# Hunting > The Magazine >  THE FAMOUS GREY STEEL FEST

## baldbob

MAY 26-27 2012

GREG SAID HES GONNA SHOW US HOW HE CAN HIT THE 2500YD PLATE :Thumbsup: 

SOMEONE TO HELP ME DO RANGE MAINTANANCE ON THE FRIDAY BE GOOD..
SPRING HAS MADE THINGS GROW AND SOMEONE HAS TO PAINT THE CLOSE TARGETS....

----------


## Kiwi Greg

> MAY 26-27 2012
> 
> GREG SAID HES GONNA SHOW US HOW HE CAN HIT THE 2500YD PLATE
> 
> SOMEONE TO HELP ME DO RANGE MAINTANANCE ON THE FRIDAY BE GOOD..
> SPRING HAS MADE THINGS GROW AND SOMEONE HAS TO PAINT THE CLOSE TARGETS....


Which Greg was this ????  :ORLY: 

You set the target up & I will try to hit it  :Thumbsup:

----------


## tui_man2

> MAY 26-27 2012
> 
> GREG SAID HES GONNA SHOW US HOW HE CAN HIT THE 2500YD PLATE
> 
> SOMEONE TO HELP ME DO RANGE MAINTANANCE ON THE FRIDAY BE GOOD..
> SPRING HAS MADE THINGS GROW AND SOMEONE HAS TO PAINT THE CLOSE TARGETS....



Do i be the dumb over keen fuck again an paint the front faces? :15 8 212: 

Thats the weekend after we get back?

----------


## veitnamcam

> MAY 26-27 2012
> 
> GREG SAID HES GONNA SHOW US HOW HE CAN HIT THE *2500YD* PLATE
> 
> SOMEONE TO HELP ME DO RANGE MAINTANANCE ON THE FRIDAY BE GOOD..
> SPRING HAS MADE THINGS GROW AND SOMEONE HAS TO PAINT THE CLOSE TARGETS....


Il bring a protractor.MOA aint gonna cut it!  :Grin: 

Seriously tho I'm keen always fun and a few laughs i will have to see how those dates fit

----------


## baldbob

Its the weekend after the thar shoot guys.....

Greg we know you'll try, and we respect you for that :Grin:

----------


## tonka

If i an up that way i would like to come?
thankyou tonka

----------


## baldbob

all are welcome.... We will most likely include the darkside too :Grin:

----------


## Kiwi Greg

> all are welcome.... We will most likely include the darkside too


It matters not from where they come, just that they show up !!!!!......... :Wtfsmilie:

----------


## R93

Fuk! I am just down the road and you boys always have shoots when I am not around? I am in my block for the 6th period. 
Ok, be honest, is it my hygene or just my general appearence?

----------


## baldbob

Sorry Dave we just dont have the resources to provide everyone with gas masks

----------


## R93

> Sorry Dave we just dont have the resources to provide everyone with gas masks


So it is my infrequent hygene regieme?
I will scrub up for the nxt one  :Thumbsup: 
what are you doing home I thought you and abe were on yer way? PM sent.

----------


## baldbob

Tonight? tomorro? This is Abe we talkin bout....

----------


## R93

> Tonight? tomorro? This is Abe we talkin bout....
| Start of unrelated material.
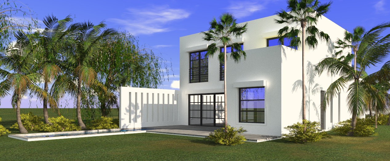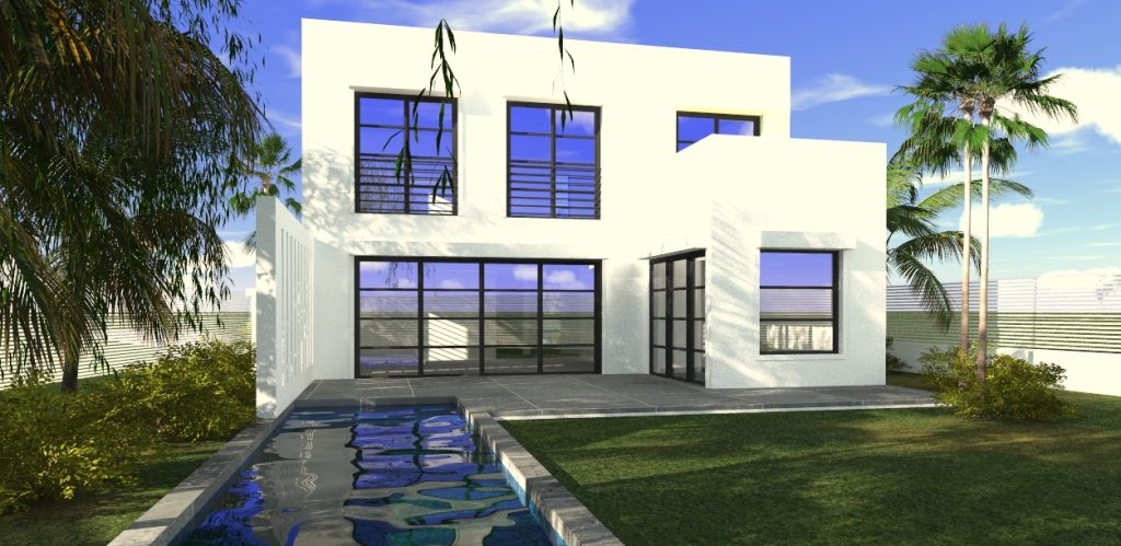 À l’arrière, de larges baies vitrées ouvrent généreusement les espaces de vie vers la terrasse et la piscine, prolongeant naturellement l’habitation vers l’extérieur. L’architecture privilégie ainsi la transparence et la relation avec le jardin environnant, ponctué de palmiers et d’une végétation luxuriante.
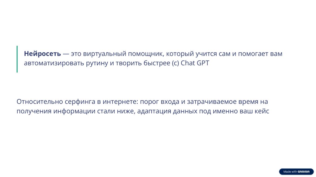 Нейросеть — это виртуальный помощник, который учится сам и помогает вамавтоматизировать рутину и творить быстрее (с) Chat GPT

True that! He will be scrubbing up for ya! If ya got half a day come down and shoot this rifle for me and see if it is the pills.

----------


## tui_man2

> Tonight? tomorro? This is Abe we talkin bout....


Hey!!! im hear an can hear you 2 :Omg:  old buggers

----------


## baldbob

Dis someone say something?

----------


## tui_man2

thats was the wind

no one has offered to paint the front :O O:

----------


## veitnamcam

If I can make it Il paint em(to 1140 Greg can paint the others i wont be hittin em :Grin: )

----------


## Kiwi Greg

> If I can make it Il paint em(to 1140 Greg can paint the others i wont be hittin em)


I normally take my own & set them up........ :Have A Nice Day:

----------


## veitnamcam

> I normally take my own & set them up........


True

----------


## R93

> I normally take my own & set them up........


One of those kids eh? Plays with his own friggin ball  :Grin:

----------


## R93

> Hey!!! im hear an can hear you 2 old buggers


Who you calling old? Last time I seen you you looked pretty haggared from plenty of late nights working on TuiMan Cans

----------


## baldbob

> I normally take my own & set them up........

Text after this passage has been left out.